**Prompt:**
Below are records with pictures in them. Output exactly the lines from the one with "One last technicality" through the one with "RSL Asian Lion", both included, and leave every picture out; give only those lines.

**Recorded information:**
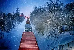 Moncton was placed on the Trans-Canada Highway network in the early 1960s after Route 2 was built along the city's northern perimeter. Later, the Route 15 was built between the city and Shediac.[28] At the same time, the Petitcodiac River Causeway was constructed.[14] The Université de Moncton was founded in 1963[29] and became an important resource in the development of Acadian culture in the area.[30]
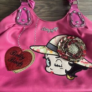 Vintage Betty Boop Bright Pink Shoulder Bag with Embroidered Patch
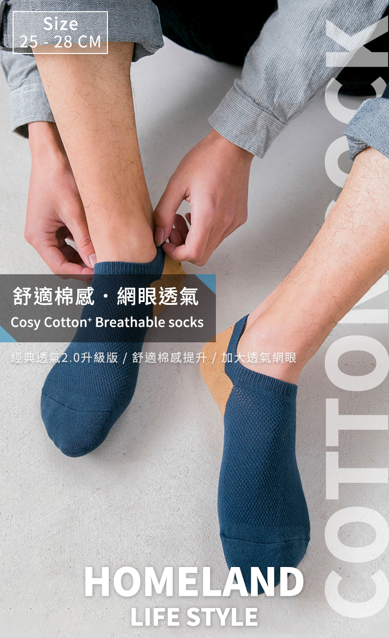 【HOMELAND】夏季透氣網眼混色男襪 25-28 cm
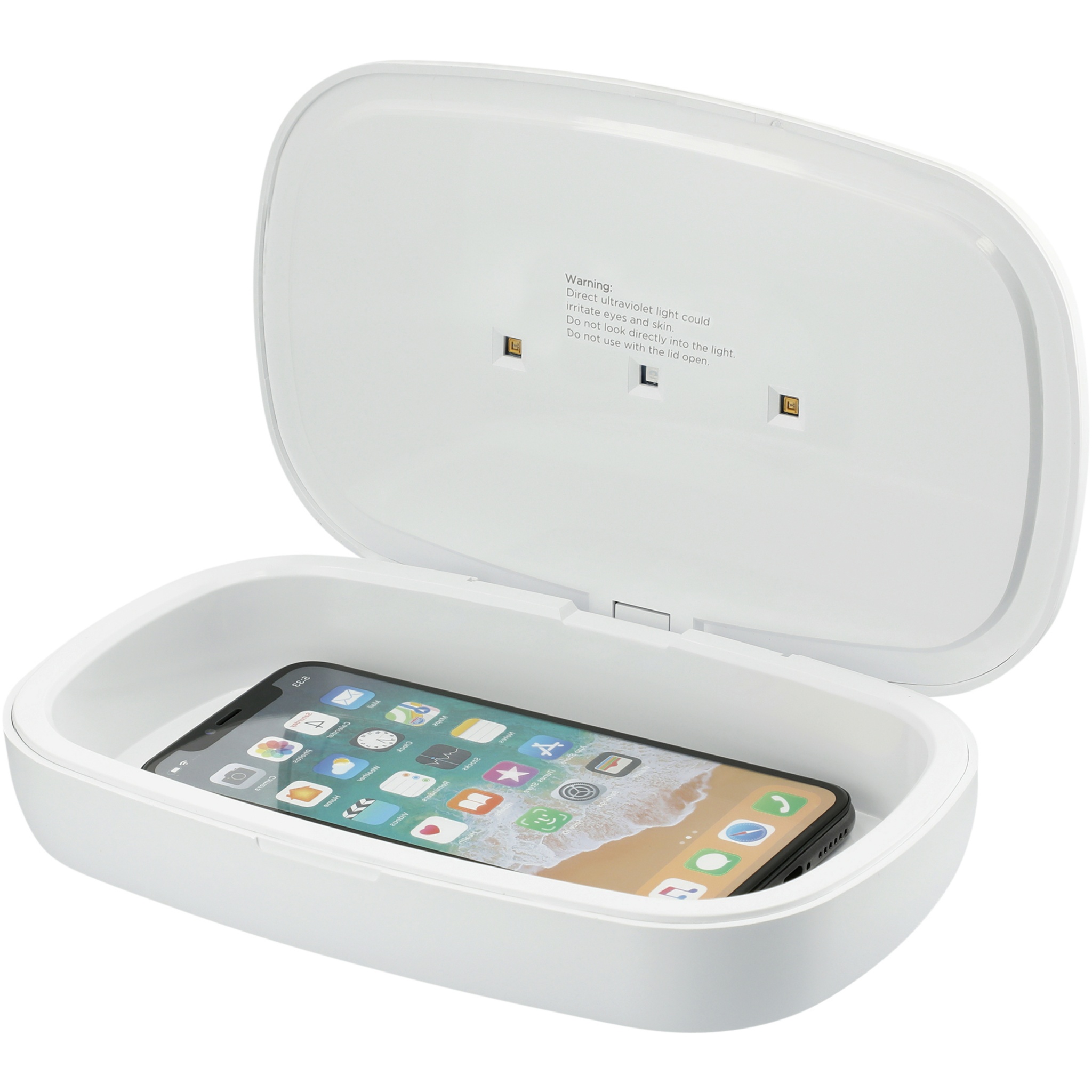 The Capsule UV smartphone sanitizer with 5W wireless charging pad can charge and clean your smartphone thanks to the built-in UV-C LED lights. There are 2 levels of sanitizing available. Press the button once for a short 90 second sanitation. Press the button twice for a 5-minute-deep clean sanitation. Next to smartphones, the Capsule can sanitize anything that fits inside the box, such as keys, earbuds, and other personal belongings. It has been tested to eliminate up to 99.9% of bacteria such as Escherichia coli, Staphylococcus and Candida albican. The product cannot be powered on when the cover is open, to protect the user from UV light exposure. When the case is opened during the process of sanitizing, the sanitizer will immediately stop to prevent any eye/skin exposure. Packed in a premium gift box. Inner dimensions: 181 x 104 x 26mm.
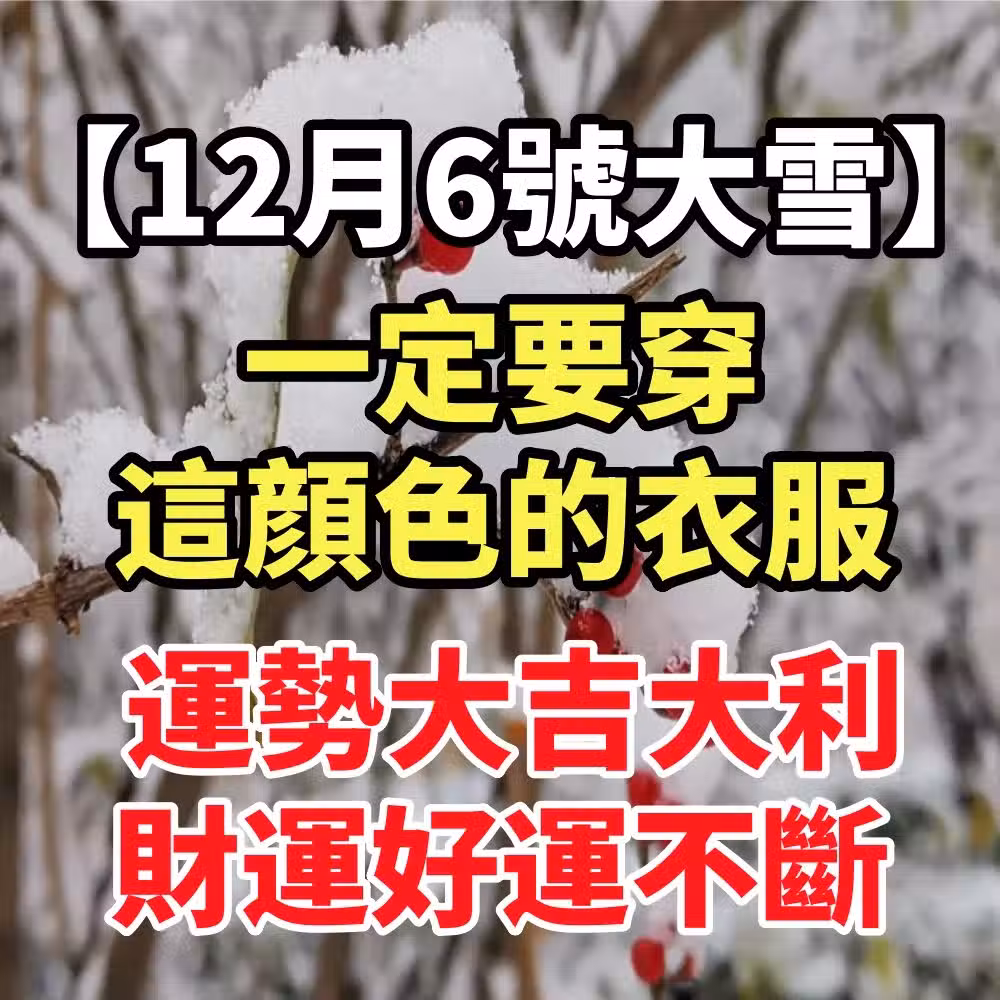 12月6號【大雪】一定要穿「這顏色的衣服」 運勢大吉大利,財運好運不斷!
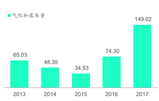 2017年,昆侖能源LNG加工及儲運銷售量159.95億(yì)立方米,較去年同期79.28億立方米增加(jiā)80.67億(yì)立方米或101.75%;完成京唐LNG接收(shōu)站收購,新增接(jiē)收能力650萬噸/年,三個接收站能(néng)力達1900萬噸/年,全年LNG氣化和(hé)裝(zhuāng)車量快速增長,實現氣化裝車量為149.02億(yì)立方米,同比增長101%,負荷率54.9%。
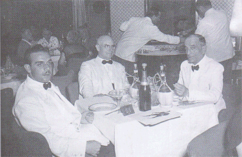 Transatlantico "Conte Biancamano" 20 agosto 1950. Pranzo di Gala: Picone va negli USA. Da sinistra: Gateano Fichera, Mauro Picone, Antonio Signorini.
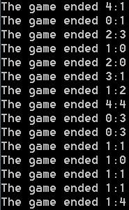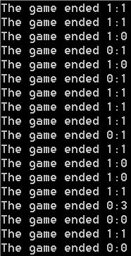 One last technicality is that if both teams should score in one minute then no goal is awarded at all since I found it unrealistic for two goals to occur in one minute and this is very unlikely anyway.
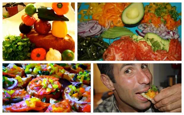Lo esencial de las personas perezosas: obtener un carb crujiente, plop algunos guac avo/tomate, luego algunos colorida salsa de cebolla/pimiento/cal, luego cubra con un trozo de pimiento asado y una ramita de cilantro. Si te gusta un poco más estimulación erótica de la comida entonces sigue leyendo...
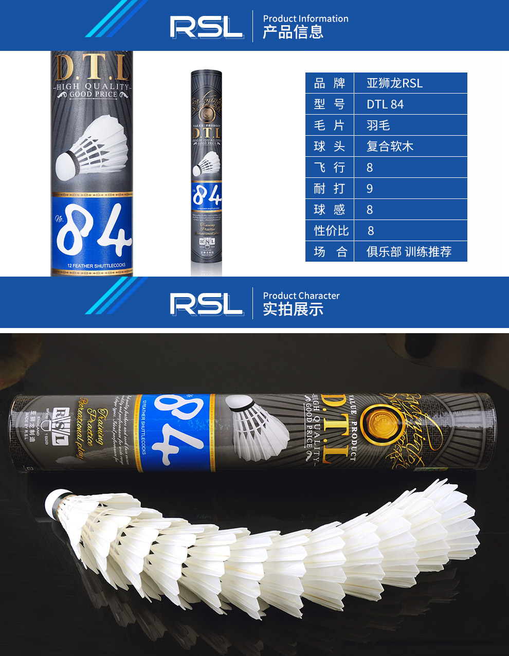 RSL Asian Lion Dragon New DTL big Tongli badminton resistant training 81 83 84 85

* * *

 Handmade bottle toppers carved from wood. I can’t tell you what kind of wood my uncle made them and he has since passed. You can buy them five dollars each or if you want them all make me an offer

**Response:**
 One last technicality is that if both teams should score in one minute then no goal is awarded at all since I found it unrealistic for two goals to occur in one minute and this is very unlikely anyway.
Lo esencial de las personas perezosas: obtener un carb crujiente, plop algunos guac avo/tomate, luego algunos colorida salsa de cebolla/pimiento/cal, luego cubra con un trozo de pimiento asado y una ramita de cilantro. Si te gusta un poco más estimulación erótica de la comida entonces sigue leyendo...
 RSL Asian Lion Dragon New DTL big Tongli badminton resistant training 81 83 84 85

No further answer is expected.